I've got raw samples from the Mic at 48,000S/s, and the mic has an AGC so that is fine.
Most of my attempts have been around correlation of a few thousand sample with the desired frequency, an narrow bands either side, then showing that on the LCD. It of works, and you have to tune for a symmetric curve around the center target frequency.
Last night I tried correlation only against target frequency, looking at the phase of that signal relative to the phase of the same correlation a fixed number of samples later (about 1/48th of a second), hoping to measure how much the phase has drifted due to the the string being detuned.
That doesn't seem to be working.
I assume that everybody will say "FFT!" but when working with 8192 samples @ 48000S/s you get ~6Hz wide bins, which is audibly out of tune.

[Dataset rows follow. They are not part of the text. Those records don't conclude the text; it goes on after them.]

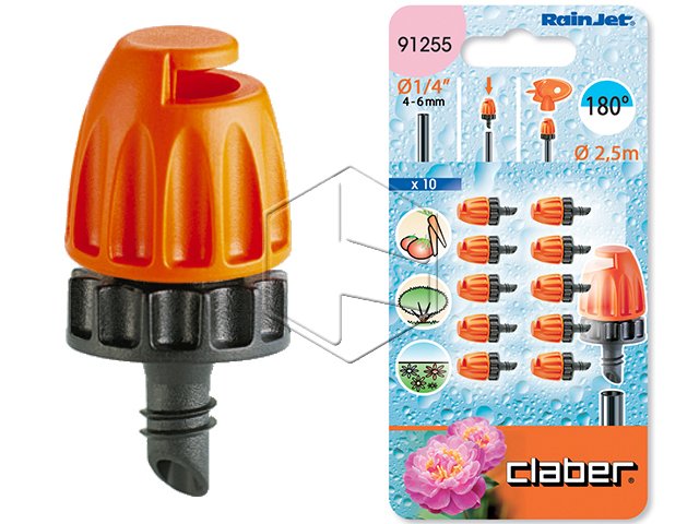 Claber 91555 Microirrigatore 180°. Si applica sul tubo collettore da 1/2 (13-16 mm), sul tubo capillare da 1/4 ( 4- 6 mm) o sulle astine. Per irrigare superfici a semicerchio. Blister da 10 pz.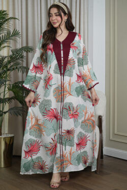 جلابيه مزينه بالاحمر بدقات شرايط عنابي من امام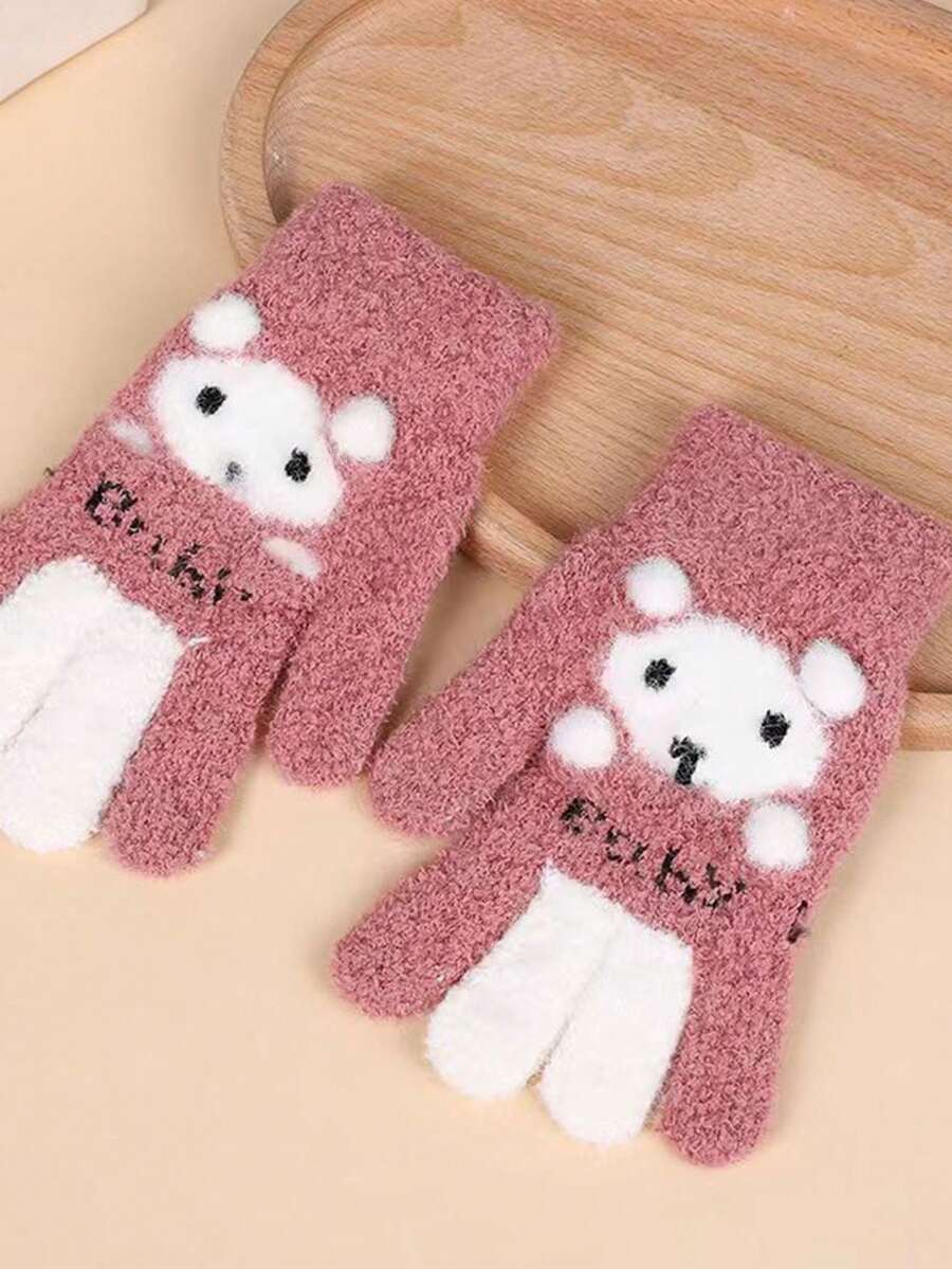 1 Pair Of Children's Gloves In Autumn And Winter For Girls Cute Knitted Five-finger Warm Finger Gloves For Boys And Girls Cartoon Baby Gloves

The fundamental frequency range for guitar strings are between about 200 Hz and 800 Hz, so I do have the option sample-rate conversion down to 3kS/s or so, but CPU cycles are supposed to be cheap
The range of indication is most likely +/- 10% of the target frequency, as strings can be about 1/3 of an octave apart.
Any hint/ideas?
Maybe a relatively bandpass around the target frequency, then count the period on the result?
Any idea of keywords for the underlying math I can read up on?